At Cisco Live 2026, the company demonstrated how Webex—used by over 300 million users monthly—integrates natively with Cisco's AI platform. New features include AI-powered meeting summaries that leverage the same data pipeline as Cisco's security and network analytics, real-time language translation running on Cisco's distributed inference nodes, and automated meeting follow-ups triggered by network latency or user sentiment detection. Cisco also launched 'AI Assist for Webex,' a copilot that uses the company's larger AI model (Cisco Brain) to summarize emails, transcribe voice messages, and prioritize notifications across devices.

Industry analysts point out that Cisco's move is defensive as well as offensive. As Microsoft and Zoom embed generative AI into their collaboration tools, and as hyperscalers like AWS and Azure offer competing AI infrastructure, Cisco needs to differentiate. By coupling collaboration with a full-stack AI platform—including networking, security, and observability—Cisco can offer enterprises a lower-total-cost, higher-trust alternative to fragmented multicloud approaches. 'Cisco is trying to become the single pane of glass for enterprise AI, and collaboration is the most visible application,' said an analyst from Gartner.

Looking ahead, Cisco plans to roll out its AI platform in phases throughout 2027, starting with data center networking and extending to edge and collaboration. Key milestones include deeper integration with Google Cloud and Microsoft Azure for hybrid AI workloads, and the release of an open API set for third-party AI applications. If successful, Cisco could redefine enterprise IT architecture—making AI not just an application layer, but a pervasive fabric managed by a single, trusted vendor. The stakes are high: enterprise AI spending is expected to exceed $200 billion by 2028, and Cisco is betting its future on owning the control plane.

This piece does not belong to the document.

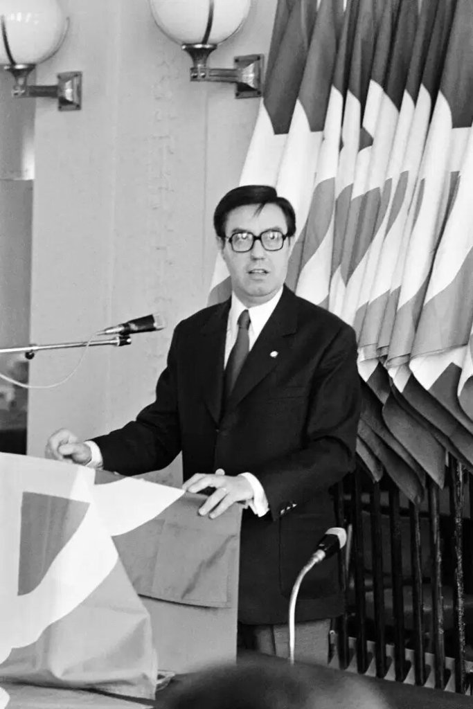 · · · · Pierre Sidos, président depuis 1968 du parti politique l’Œuvre française, prononce un discours, le 19 juin 1976, lors de l’ouverture du congrès de ce parti, à Paris. – / AFP

Frequently Asked Questions

Cisco is repositioning as the control plane for enterprise AI infrastructure, integrating networking, security, observability, and collaboration into a single platform. The strategy leverages acquisitions like Splunk and deep integrations with Webex to offer a unified alternative to fragmented multicloud approaches.

At Cisco Live 2026, the company folded Webex into its AI platform as a core component. New AI features include real-time translation, meeting summaries via Cisco Brain, and automated follow-ups that draw on network analytics and security data.

The 'one Cisco' strategy is a company-wide initiative to break down silos between product lines—networking, security, collaboration, observability—and offer them as a unified, AI-optimized platform. It aims to simplify enterprise IT management and reduce total cost of ownership.

Cisco differentiates by offering collaboration as part of a full-stack AI platform that includes networking and security. This provides enterprises with a single vendor for AI infrastructure, potentially lowering complexity and cost compared to using separate solutions from Microsoft, Zoom, and hyperscalers.

Splunk, acquired by Cisco in 2024, provides the observability and security analytics layer for the AI platform. Its data ingestion and machine learning capabilities enable real-time network monitoring, threat detection, and AI model performance tracking across Cisco's entire portfolio.

Cisco plans to roll out its AI platform in phases starting in 2027, beginning with data center networking and expanding to edge and collaboration. The company will also release open APIs for third-party AI applications.